Je remarque alors qu'il n'est pas sur « notre » terrasse mais derrière un mur à claire-voie qui devient muret juste avant la balustrade. Il est sur la terrasse collective de l'immeuble.
- Merci alors Justin de m'avoir interrompue, avant que je ne dise d'autres bêtises.
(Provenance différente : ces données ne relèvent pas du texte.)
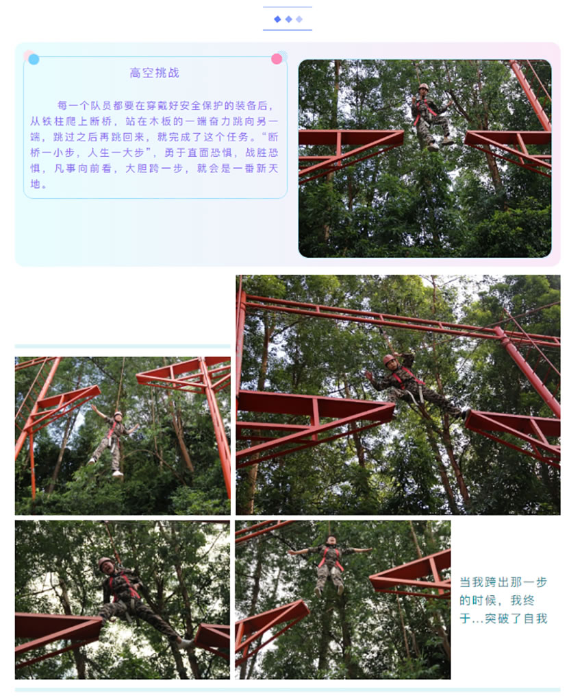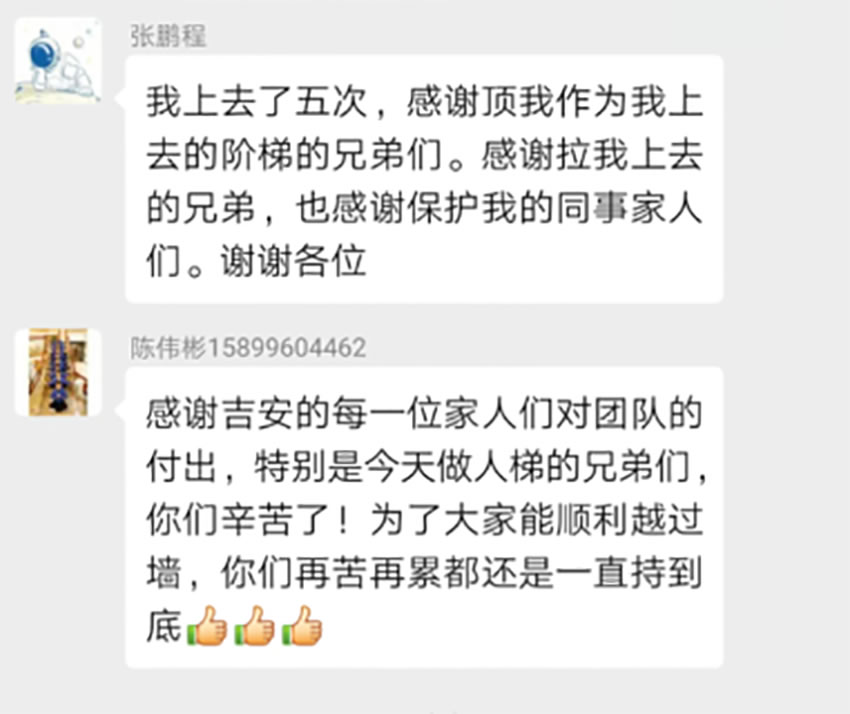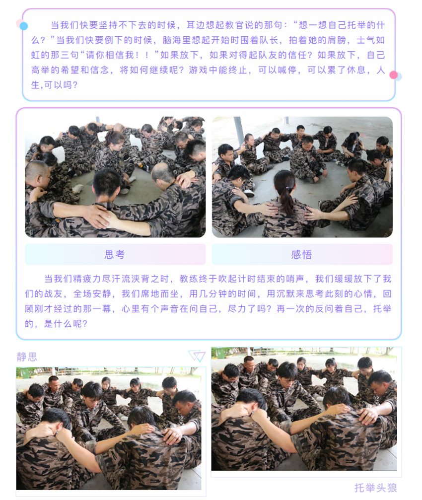 大家用肩膀、大腿、手臂,血肉之軀,組成了一面梯子,一個個踩著他們,翻過那面墻, 我們用無聲的語言,一個個把同事送上墻的另一面,當(dāng)?shù)谝淮文_踩在人身上的時候,原來,痛的不僅僅是被踩的那個人,當(dāng)腳踩在別人身上不敢用力,而不用力根本上不去的時候,心中有一塊地方,隱隱作痛,當(dāng)上面的人用堅定的眼神向你伸出了雙手,用他最大的力量把你拉上來時,在沒有任何保護(hù)只有人墻的情況下,內(nèi)心想的不是恐懼,而是放心,我放心我的伙伴不會 讓我掉下來,我放心我上面的伙伴會把我拉上來,我感謝那些拉我、推我、扶我鼓勵我的每個人。我看到了那個從頭到尾踩了不下上百次的人墻,他從頭到尾沒有叫過一聲的累,哪怕是教練說,累了,可以換人,可是,他們,從開始到結(jié)束,默默的承受這一切,你退下了,總有人要頂上,痛苦不會因為放棄而結(jié)束,而總會有人,負(fù)重前行。

- À priori, ce n'est pas une bêtise de penser ou dire « un jour peut-être que nous aurons notre chance... ». Tout le monde mérite sa chance. Même Follen, reprend-il en esquissant une moue dubitative qui gâchae l'effet de sa phrase. Je rougis et apprécie de penser que l'obscurité lui cache mon émotion.
Il s'approche alors de moi et saute d'un geste souple et aisé, pour lui, l'obstacle qui est censé garantir mon intimité. Maintenant Justin Black est sur notre terrasse privative et n'en semble absolument pas gêné.
Je recule à son approche. Cet homme est impressionnant. Grand, musclé, le regard sombre. Je n'ai pas réellement peur de lui, mais me retrouver seule, la nuit, avec un grand mec baraqué ne me met pas extrêmement à l'aise. Mon dos rencontre la balustrade et, à moins que mes super-pouvoirs ne se manifestent pour la première fois de mon existence, il est évident que ma fuite ridicule s'arrête là. Courageusement je relève la tête pour croiser le regard de braise de Justin.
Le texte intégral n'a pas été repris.